Source information Start Marker
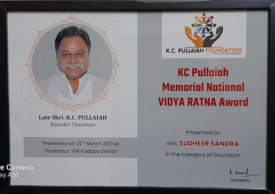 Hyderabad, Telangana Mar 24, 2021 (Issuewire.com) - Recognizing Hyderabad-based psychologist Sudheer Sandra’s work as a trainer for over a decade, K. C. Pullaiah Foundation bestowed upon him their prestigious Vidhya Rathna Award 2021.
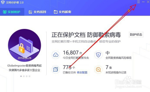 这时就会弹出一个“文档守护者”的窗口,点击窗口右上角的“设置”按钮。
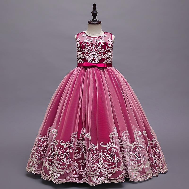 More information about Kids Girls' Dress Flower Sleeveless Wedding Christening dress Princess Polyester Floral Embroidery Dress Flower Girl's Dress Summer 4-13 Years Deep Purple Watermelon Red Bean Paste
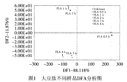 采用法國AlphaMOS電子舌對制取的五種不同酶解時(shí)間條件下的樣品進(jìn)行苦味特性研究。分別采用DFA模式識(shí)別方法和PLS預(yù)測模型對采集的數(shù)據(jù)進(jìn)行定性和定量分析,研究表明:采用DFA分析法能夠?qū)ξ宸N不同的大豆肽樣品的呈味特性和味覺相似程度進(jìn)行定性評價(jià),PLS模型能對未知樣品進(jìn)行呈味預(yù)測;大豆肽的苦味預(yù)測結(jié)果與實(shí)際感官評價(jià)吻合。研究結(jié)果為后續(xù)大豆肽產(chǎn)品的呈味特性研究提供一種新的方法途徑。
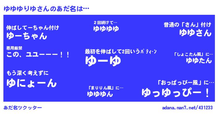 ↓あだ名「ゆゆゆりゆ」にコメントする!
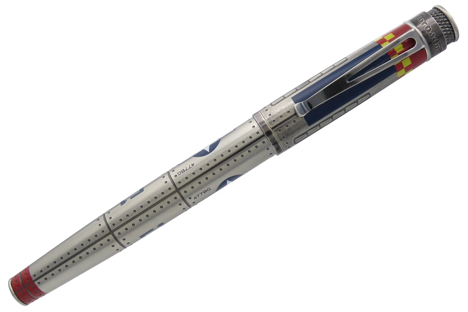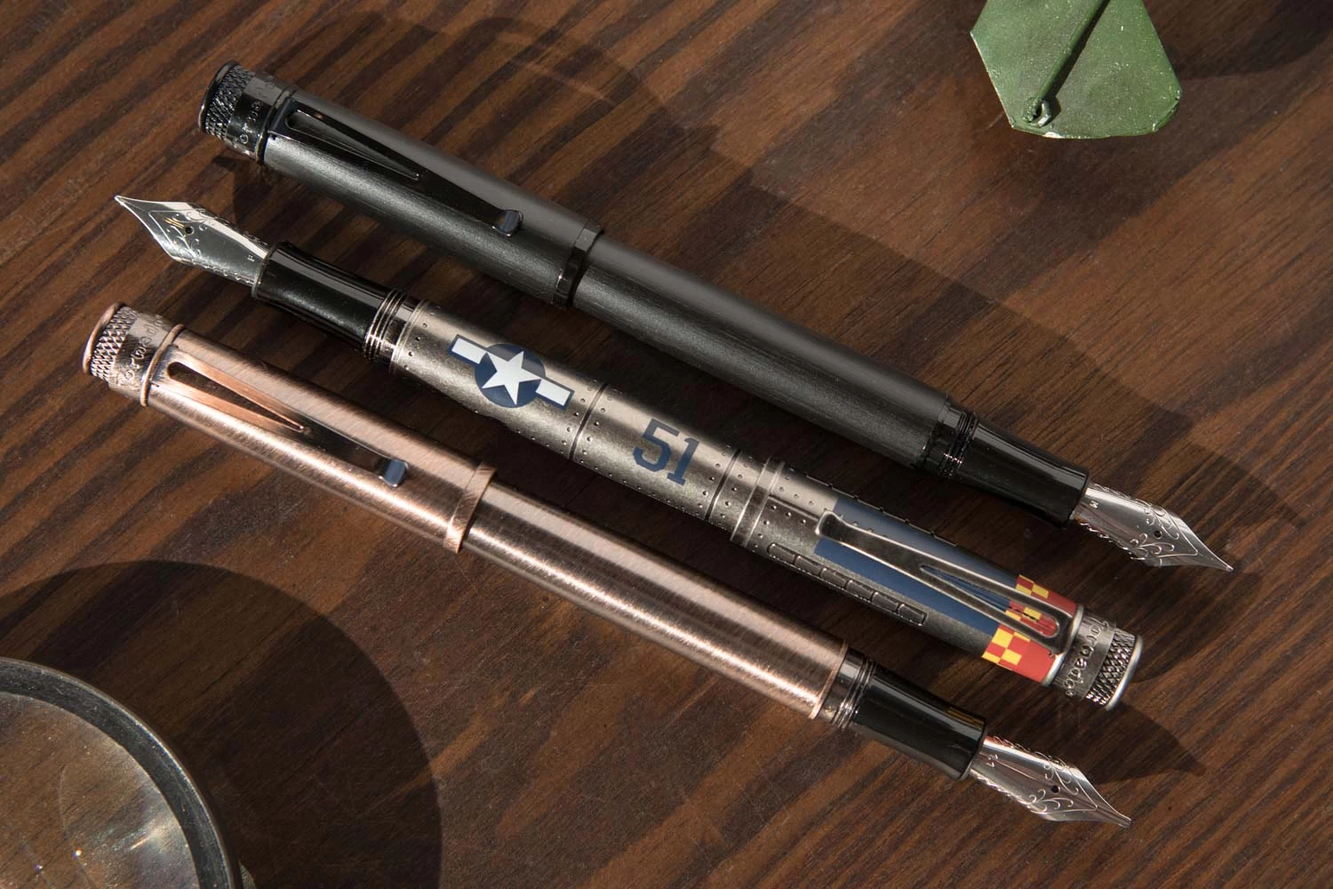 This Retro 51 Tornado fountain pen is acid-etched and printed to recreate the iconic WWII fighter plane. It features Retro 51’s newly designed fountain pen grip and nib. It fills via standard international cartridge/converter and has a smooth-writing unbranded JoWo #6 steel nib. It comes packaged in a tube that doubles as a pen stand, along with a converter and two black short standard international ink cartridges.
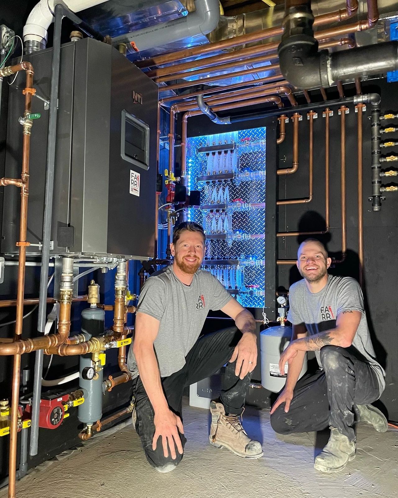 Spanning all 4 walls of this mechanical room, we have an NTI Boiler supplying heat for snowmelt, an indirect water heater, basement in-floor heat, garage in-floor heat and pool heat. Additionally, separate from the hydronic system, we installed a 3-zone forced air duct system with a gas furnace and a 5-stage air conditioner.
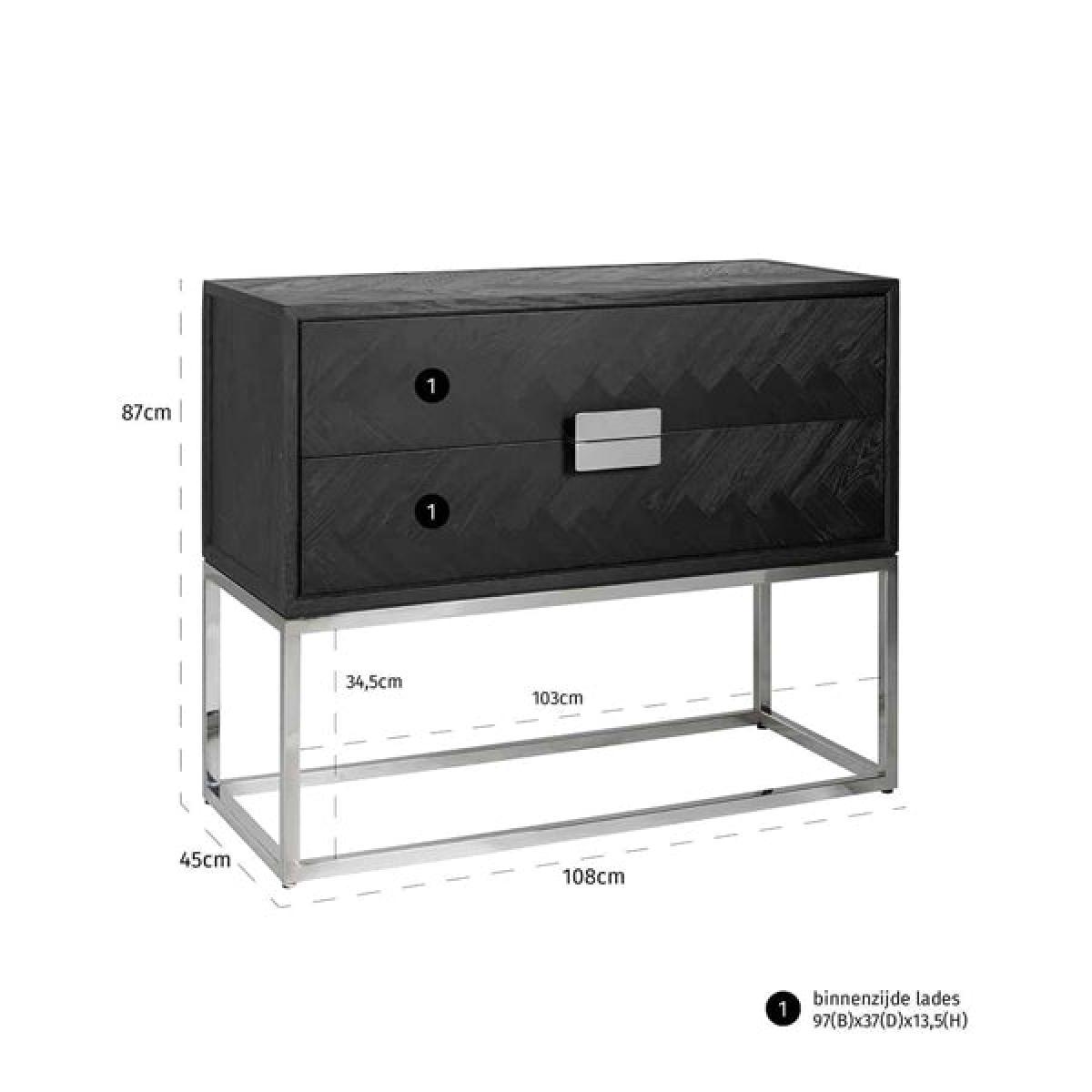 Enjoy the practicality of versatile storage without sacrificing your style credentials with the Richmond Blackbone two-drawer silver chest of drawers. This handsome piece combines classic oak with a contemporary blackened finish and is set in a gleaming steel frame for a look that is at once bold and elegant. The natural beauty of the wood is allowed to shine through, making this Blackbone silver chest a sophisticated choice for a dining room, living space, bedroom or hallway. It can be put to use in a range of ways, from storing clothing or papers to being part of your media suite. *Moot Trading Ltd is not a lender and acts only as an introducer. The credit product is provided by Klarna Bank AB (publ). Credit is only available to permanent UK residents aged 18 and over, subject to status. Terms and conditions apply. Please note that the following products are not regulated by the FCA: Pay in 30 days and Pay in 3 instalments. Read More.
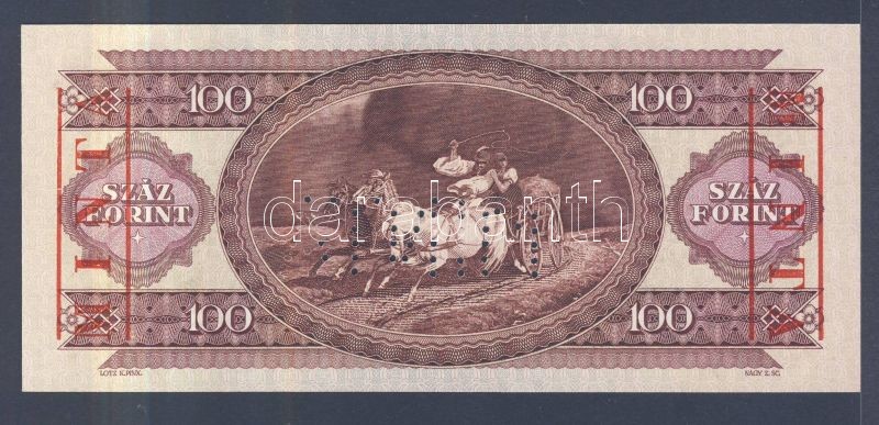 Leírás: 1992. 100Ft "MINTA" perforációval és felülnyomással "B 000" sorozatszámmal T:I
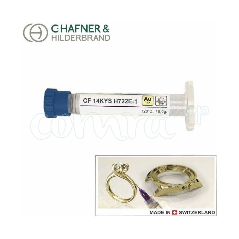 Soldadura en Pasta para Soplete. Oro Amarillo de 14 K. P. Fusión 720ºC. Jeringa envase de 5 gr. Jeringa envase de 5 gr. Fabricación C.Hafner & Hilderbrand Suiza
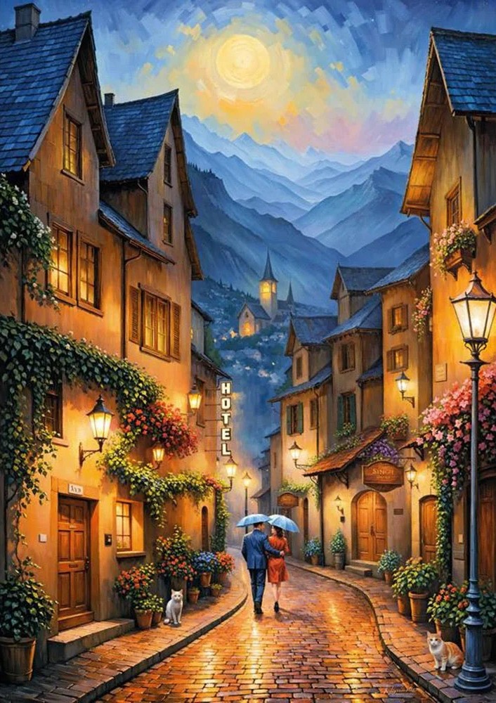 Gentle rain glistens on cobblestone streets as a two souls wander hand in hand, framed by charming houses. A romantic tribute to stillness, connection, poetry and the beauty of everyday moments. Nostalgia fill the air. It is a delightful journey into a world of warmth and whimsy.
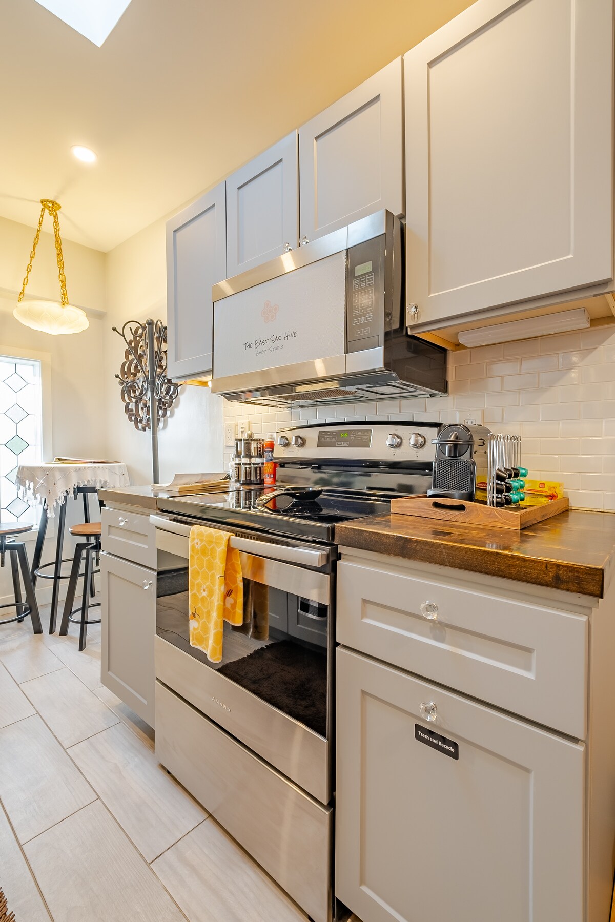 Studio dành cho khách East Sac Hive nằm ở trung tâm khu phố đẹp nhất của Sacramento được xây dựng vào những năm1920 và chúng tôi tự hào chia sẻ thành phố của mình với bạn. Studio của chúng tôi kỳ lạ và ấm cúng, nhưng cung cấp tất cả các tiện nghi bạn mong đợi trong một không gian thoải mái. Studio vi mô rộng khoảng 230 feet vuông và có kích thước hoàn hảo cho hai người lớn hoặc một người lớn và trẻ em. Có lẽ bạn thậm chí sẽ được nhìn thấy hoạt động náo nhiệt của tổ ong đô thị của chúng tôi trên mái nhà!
Source information End Marker
When you retype the material above, copy each line exactly and drop whatever images appear in it.

Completed exercise →
 Hyderabad, Telangana Mar 24, 2021 (Issuewire.com) - Recognizing Hyderabad-based psychologist Sudheer Sandra’s work as a trainer for over a decade, K. C. Pullaiah Foundation bestowed upon him their prestigious Vidhya Rathna Award 2021.
 这时就会弹出一个“文档守护者”的窗口,点击窗口右上角的“设置”按钮。
 More information about Kids Girls' Dress Flower Sleeveless Wedding Christening dress Princess Polyester Floral Embroidery Dress Flower Girl's Dress Summer 4-13 Years Deep Purple Watermelon Red Bean Paste
 采用法國AlphaMOS電子舌對制取的五種不同酶解時(shí)間條件下的樣品進(jìn)行苦味特性研究。分別采用DFA模式識(shí)別方法和PLS預(yù)測模型對采集的數(shù)據(jù)進(jìn)行定性和定量分析,研究表明:采用DFA分析法能夠?qū)ξ宸N不同的大豆肽樣品的呈味特性和味覺相似程度進(jìn)行定性評價(jià),PLS模型能對未知樣品進(jìn)行呈味預(yù)測;大豆肽的苦味預(yù)測結(jié)果與實(shí)際感官評價(jià)吻合。研究結(jié)果為后續(xù)大豆肽產(chǎn)品的呈味特性研究提供一種新的方法途徑。
 ↓あだ名「ゆゆゆりゆ」にコメントする!
 This Retro 51 Tornado fountain pen is acid-etched and printed to recreate the iconic WWII fighter plane. It features Retro 51’s newly designed fountain pen grip and nib. It fills via standard international cartridge/converter and has a smooth-writing unbranded JoWo #6 steel nib. It comes packaged in a tube that doubles as a pen stand, along with a converter and two black short standard international ink cartridges.
 Spanning all 4 walls of this mechanical room, we have an NTI Boiler supplying heat for snowmelt, an indirect water heater, basement in-floor heat, garage in-floor heat and pool heat. Additionally, separate from the hydronic system, we installed a 3-zone forced air duct system with a gas furnace and a 5-stage air conditioner.
 Enjoy the practicality of versatile storage without sacrificing your style credentials with the Richmond Blackbone two-drawer silver chest of drawers. This handsome piece combines classic oak with a contemporary blackened finish and is set in a gleaming steel frame for a look that is at once bold and elegant. The natural beauty of the wood is allowed to shine through, making this Blackbone silver chest a sophisticated choice for a dining room, living space, bedroom or hallway. It can be put to use in a range of ways, from storing clothing or papers to being part of your media suite. *Moot Trading Ltd is not a lender and acts only as an introducer. The credit product is provided by Klarna Bank AB (publ). Credit is only available to permanent UK residents aged 18 and over, subject to status. Terms and conditions apply. Please note that the following products are not regulated by the FCA: Pay in 30 days and Pay in 3 instalments. Read More.
 Leírás: 1992. 100Ft "MINTA" perforációval és felülnyomással "B 000" sorozatszámmal T:I
 Soldadura en Pasta para Soplete. Oro Amarillo de 14 K. P. Fusión 720ºC. Jeringa envase de 5 gr. Jeringa envase de 5 gr. Fabricación C.Hafner & Hilderbrand Suiza
 Gentle rain glistens on cobblestone streets as a two souls wander hand in hand, framed by charming houses. A romantic tribute to stillness, connection, poetry and the beauty of everyday moments. Nostalgia fill the air. It is a delightful journey into a world of warmth and whimsy.
 Studio dành cho khách East Sac Hive nằm ở trung tâm khu phố đẹp nhất của Sacramento được xây dựng vào những năm1920 và chúng tôi tự hào chia sẻ thành phố của mình với bạn. Studio của chúng tôi kỳ lạ và ấm cúng, nhưng cung cấp tất cả các tiện nghi bạn mong đợi trong một không gian thoải mái. Studio vi mô rộng khoảng 230 feet vuông và có kích thước hoàn hảo cho hai người lớn hoặc một người lớn và trẻ em. Có lẽ bạn thậm chí sẽ được nhìn thấy hoạt động náo nhiệt của tổ ong đô thị của chúng tôi trên mái nhà!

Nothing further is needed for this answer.